3/2021 - My original research topic was focusd on a competency model for the U.S. Federal Government. I’ve modified it to a generic competency model based on cybersecurity workforce planning developed and implemented by the U.S. Federal Government.

Kenneth Myers
School of Technology and Innovation
Marymount University

February 14, 2021

Where have all the (F)Identirati gone? An Identity and Access Management Competency Model

My proposed topic title is “Where have all the (F)Identirati gone? An Identity and Access Management Competency Model”. The purpose of my research is to establish identity and access management work roles, tasks, knowledge, and skills aligned with a competency model to help the U.S Federal Government hire, train, and retain Identity and Access Management professionals.

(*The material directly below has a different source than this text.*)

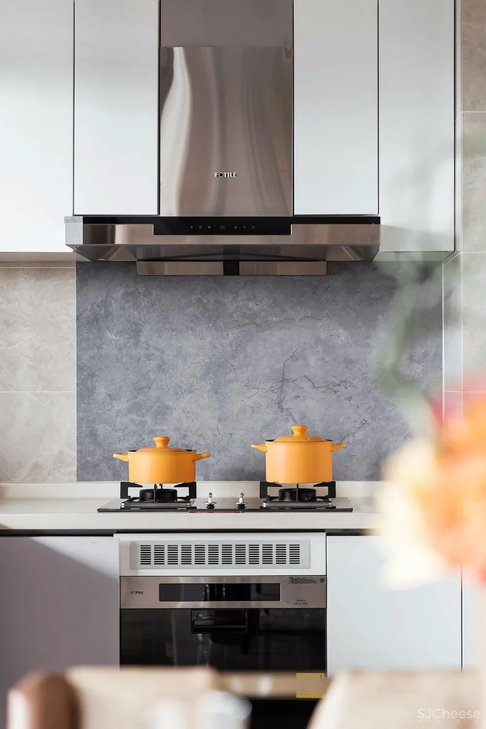 半开放式厨房进行视觉性的精心布置,生活源于便利,忠于功能,强于细节,但家又是一个需要视觉享受的空间。春去秋来,晨昏日暮,泰戈尔说,让我的爱像阳光一样包围着你,又给以你光辉灿烂的自由。有家,便有自由。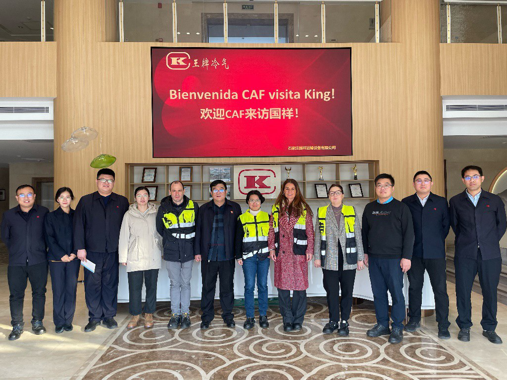 On March 14th, a delegation from CAF Spain, a leading railway vehicle manufacturer ranked fifth in the world, paid a visit to Shijiazhuang King. The delegation included the HVAC subsystem’s lead buyer, the HVAC supplier quality manager, the metro platform HVAC lead engineer, and Chinese representatives from CAF Spain. The purpose of their visit was to gain a comprehensive understanding of various aspects of Shijiazhuang King.

Identity is an important topic. The 2020 Verizon Data Breach Investigations Report found that phishing and credential theft are among the top threat actions in breaches. A mitigation tactic is to implement multi-factor authentication, an access management service.

  • A quick search on USAjobs.gov found zero results for “multi-factor authentication” and nine results for “access management” (USAJobs.gov, 2020).
  • A LinkedIn job search (2020) returned 13,137 for access management and 152 for multi-factor authentication.

The Office of Personnel Management (OPM) identified identity management as a technical cybersecurity competency. However, the NIST NICE Framework (Petersen, 2020) fails to include it as a work role and only includes two identity-related skills and one knowledge reference. Additionally, the Office of Management and Budget requires all U.S. government agencies to implement a specific identity architecture called the Federal Identity, Credential, and Access Management Architecture (OMB, 2019). A gap exists in that U.S. Federal Agencies are required to implement a comprehensive identity architecture yet do not have defined work roles to ensure it is implemented and operated properly.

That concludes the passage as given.